◆ Raw data ◆

..............................

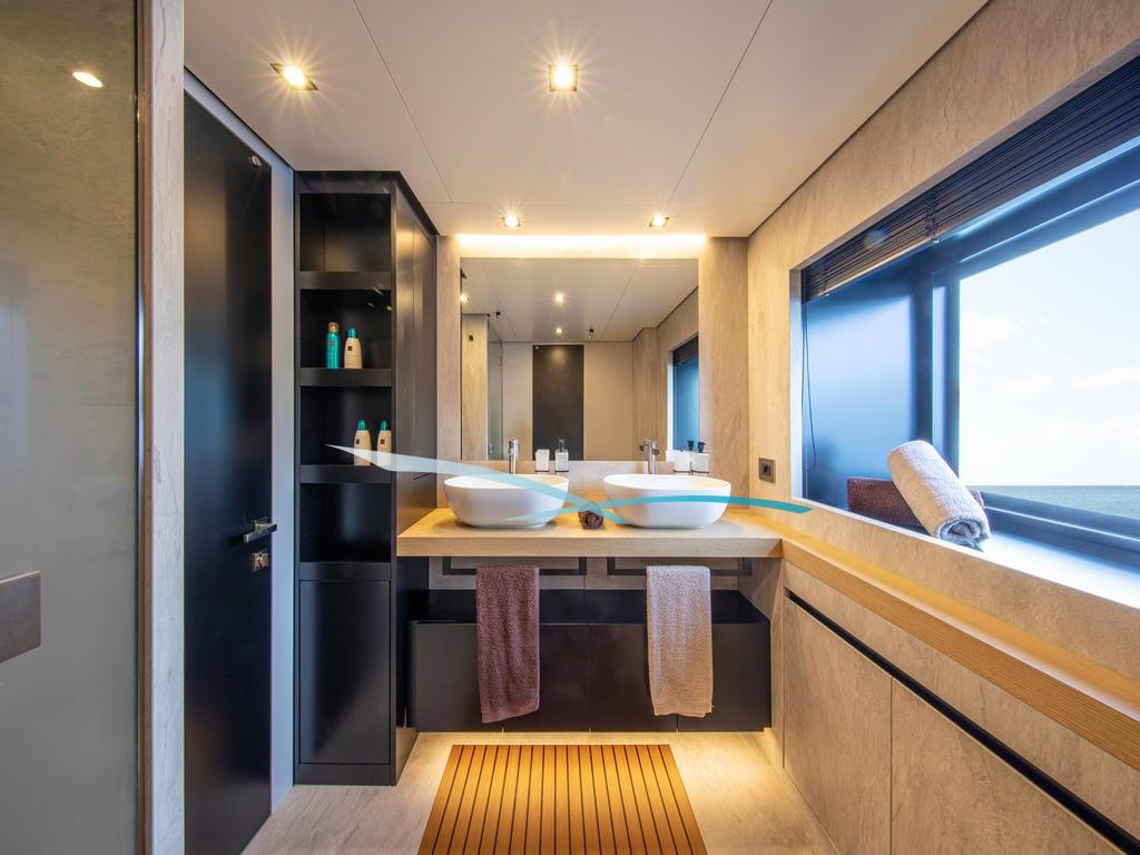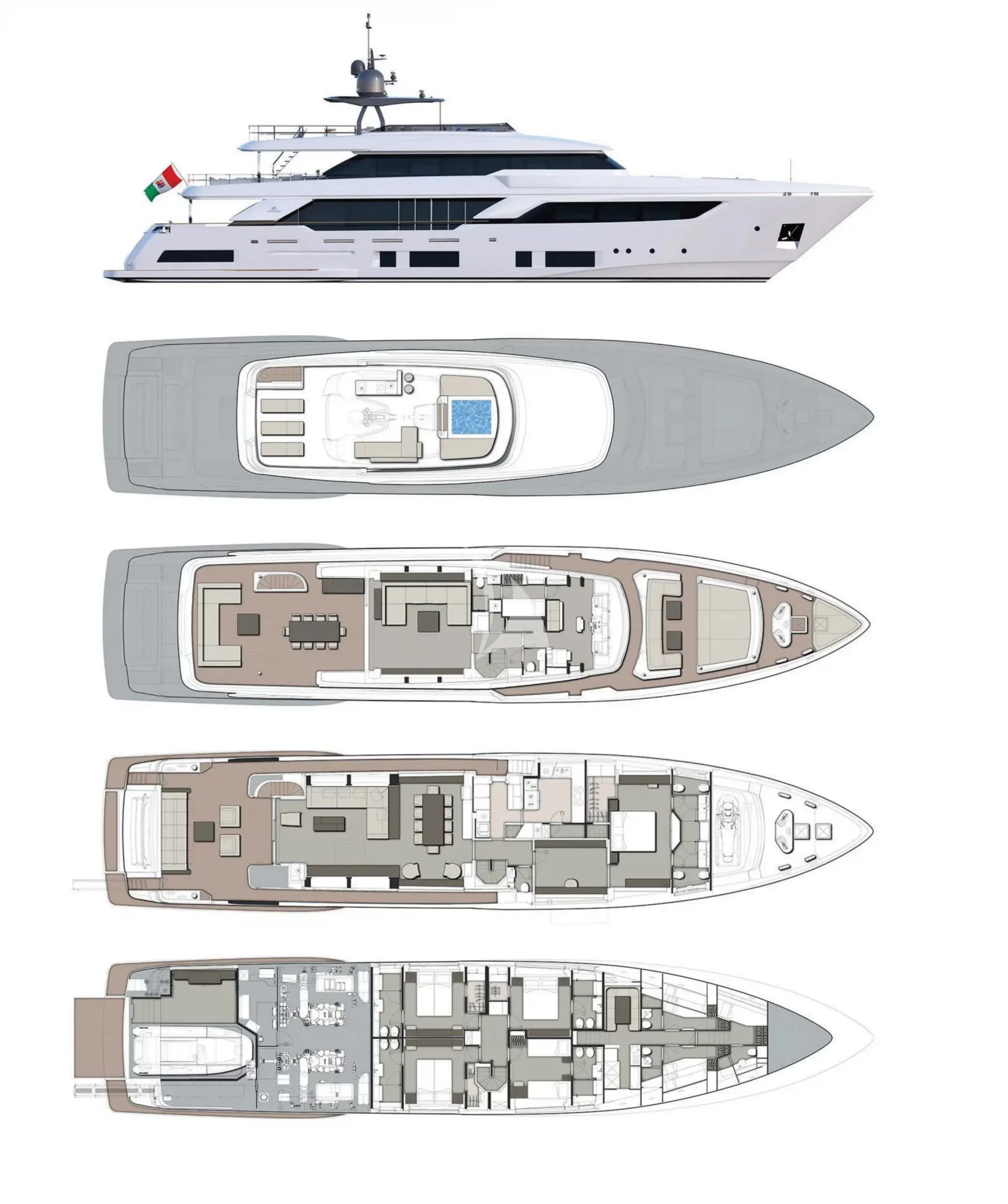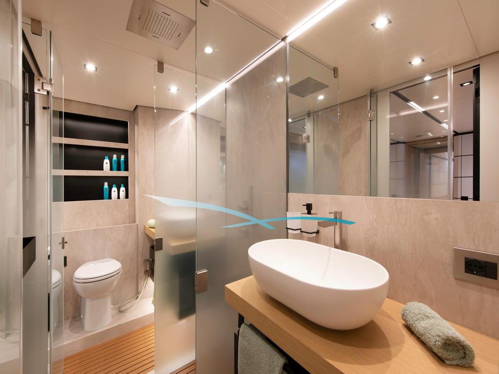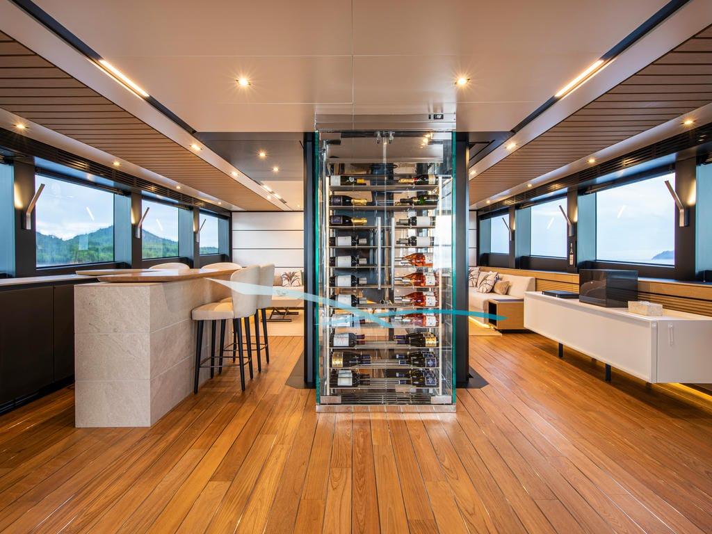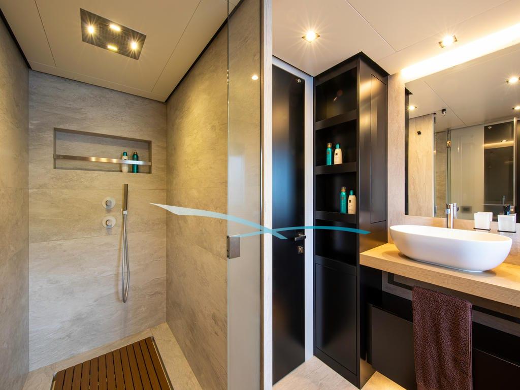 Die Yacht integriert nahtlos die Technologie mit einem fortschrittlichen Infotainmentsystem. Akustischer Komfort wird groß geschrieben, und die Stabilität wird durch elektrohydraulische Stabilisierungsflossen gewährleistet. Die Sicherheit wird durch Unterwasser- und Bugbeleuchtung erhöht.
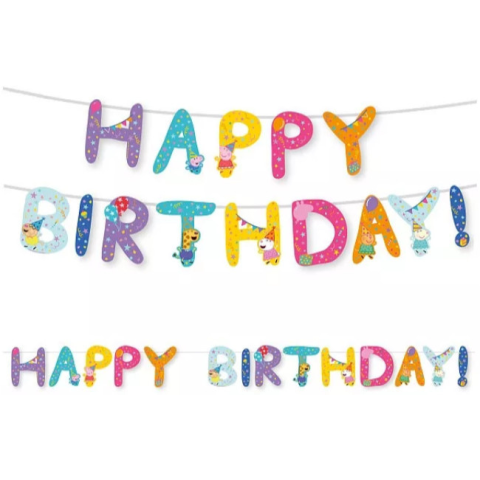 RAKTÁRRÓL AZONNAL! Peppa Pig, Peppa malac Celebration Happy Birthday felirat 3,2 méter Mérete: 3,2 méter
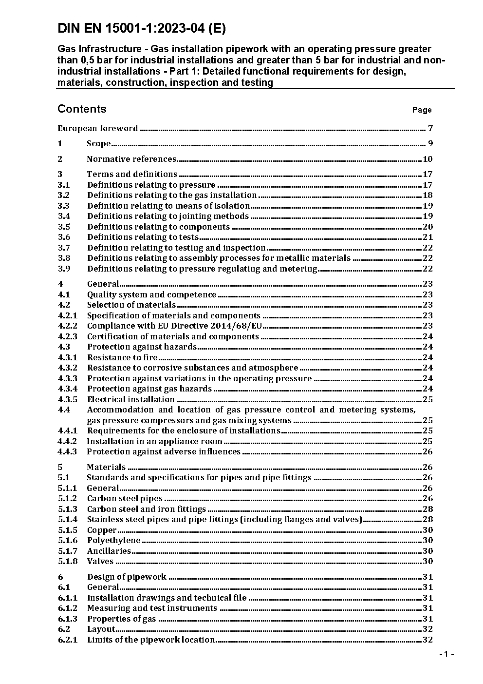 Gas supply systems - Gas installation pipework with an operating pressure greater than 0,5 bar for industrial, commercial and non-domestic gas installations - Part 1: Detailed functional requirements for design, materials, construction, inspection and testing; German version prEN 15001-1:2004

..............................

◆ What you have to do ◆
Could you write out every line above exactly as it stands, with no images?

◆ Reply to the exercise ◆
 Die Yacht integriert nahtlos die Technologie mit einem fortschrittlichen Infotainmentsystem. Akustischer Komfort wird groß geschrieben, und die Stabilität wird durch elektrohydraulische Stabilisierungsflossen gewährleistet. Die Sicherheit wird durch Unterwasser- und Bugbeleuchtung erhöht.
 RAKTÁRRÓL AZONNAL! Peppa Pig, Peppa malac Celebration Happy Birthday felirat 3,2 méter Mérete: 3,2 méter
 Gas supply systems - Gas installation pipework with an operating pressure greater than 0,5 bar for industrial, commercial and non-domestic gas installations - Part 1: Detailed functional requirements for design, materials, construction, inspection and testing; German version prEN 15001-1:2004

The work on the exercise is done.